Los alguaciles supuestamente tenían la tarea de arrestar a Reinoehl y llevarlo ante un juez para que compareciera ante un juez y lo procesaran sus pares, tal como lo exige el sistema de justicia estadounidense bajo la presunción de inocencia. A los ojos de Trump, y aparentemente a los ojos de los enviados a capturar al activista progresista, la presunción de culpa era la regla del día.

Los relatos de testigos oculares citados por Oregon Public Broadcasting muestran que en realidad no se hizo ningún intento de intentar arrestar a Reinoehl pacíficamente.

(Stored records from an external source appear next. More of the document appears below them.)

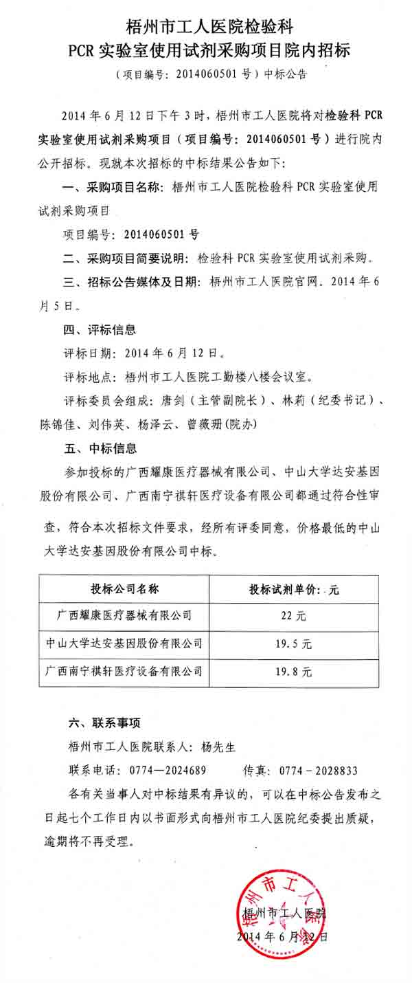 梧州市工人医院检验科PCR实验室使用试剂采购项目院内招标
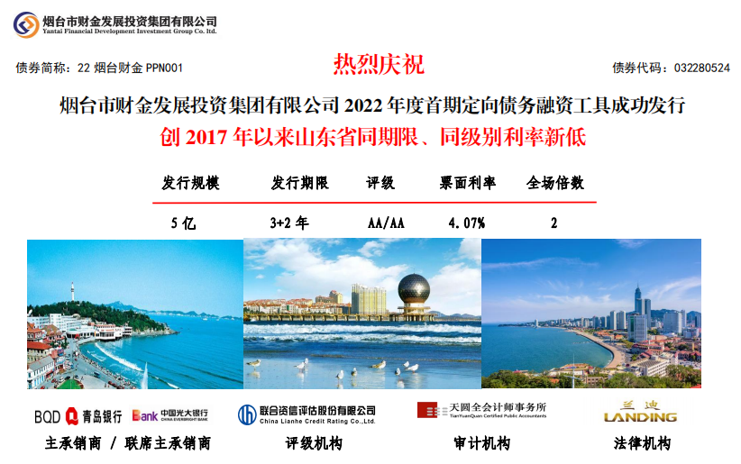 6月8日,yl23455永利集团官网集团2022年度首期定向债务融资工具(PPN)在中国银行间市场交易商协会成功发行!发行规模5亿元,期限3+2年,票面利率4.07%,全场认购倍数2倍,创2017年以来山东省同期限、同级别利率新低。本期债券发行由青岛银行牵头主承,光大银行联席主承,联合资信、天圆全会计师事务所及兰迪律师事务所分别提供信用评级、审计和法律服务。
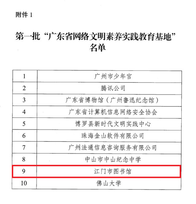 经省委、省政府批准,省委网信办联合省文明办在全省范围内开展“广东省网络文明素养实践教育基地”创建工作。经各地各单位推荐申报、实地考察、专家评审等环节,评选出第一批(10家)“广东省网络文明素养实践教育基地”。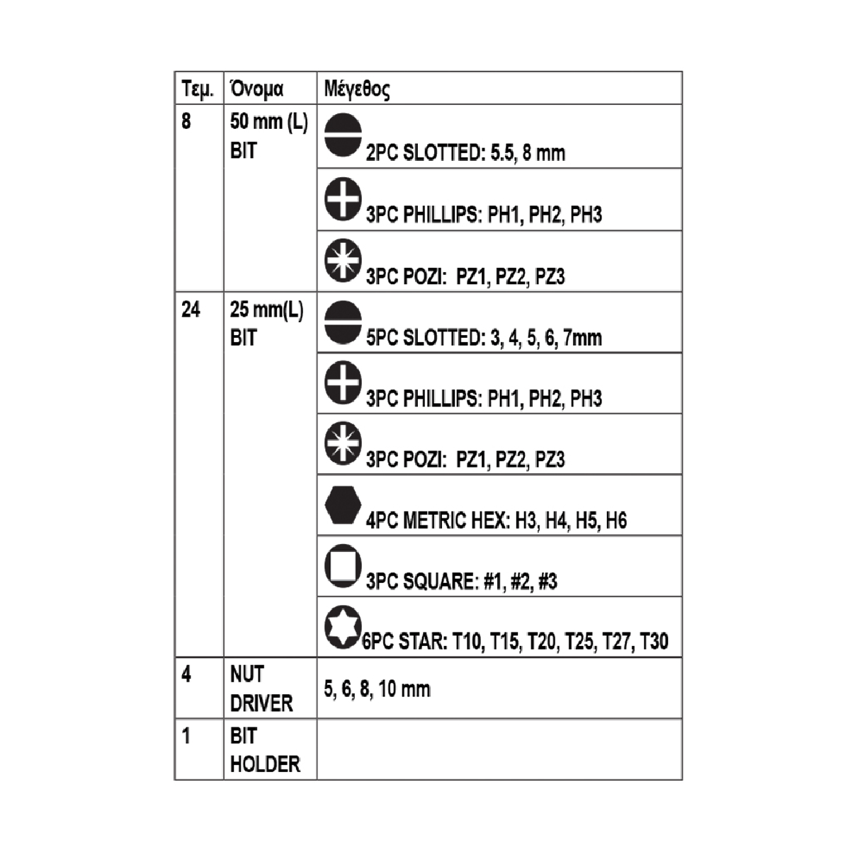 Μέγεθος: 1/4"Τύπος: 44287Μέγεθος σπειρώματος: 1/4"Υλικό: Cr-VΤεμάχια ανά σετ: 37.

En cambio, parece que los alguaciles federales ni siquiera se identificaron a sí mismos ni a su misión antes de abrir fuego y matar al sospechoso fugitivo.

Si bien la línea oficial ha sido que “Reinoehl saltó de su auto, con la mano en la pistola calibre .380 que tenía en el bolsillo, desafiando una orden gritada de: “¡Alto! ¡Policía!” como informó OPB , el relato de Trump sobre el incidente en su mitin parece confirmar las acusaciones de los transeúntes de que “no escucharon ninguna advertencia de los agentes federales y no vieron luces intermitentes que indicaran la llegada de las fuerzas del orden, solo una descarga con la que un vecino comparó una escena del videojuego Call of Duty “.

Que una violación tan flagrante de los derechos humanos y el principio del debido proceso pueda ocurrir en Estados Unidos es lo suficientemente vergonzoso dado nuestro supuesto compromiso con el estado de derecho, pero el hecho de que el presidente se jacte de la violación como un ejemplo brillante de su “Ley y orden” en sus mítines de campaña, es un lamentable y alarmante suceso que debería hacer que todos los estadounidenses que valoren sus libertades griten por la acusación, el arresto y la condena de Trump lo antes posible.

Con solo 19 días para las elecciones, es posible que tengamos que conformarnos con simplemente asegurarnos de que Trump sea derrotado por Joe Biden en una abrumadora victoria.

Después de las elecciones, debería rendir cuentas por segunda vez en los tribunales, una vez que su inmunidad presidencial se disuelva frente a todos nuestros ojos.

Sí, incluso Donald Trump tendrá el debido proceso que le fue negado a Michael Reinoehl. Puede que sea el primer paso de nuestro regreso a la normalidad en esta nación.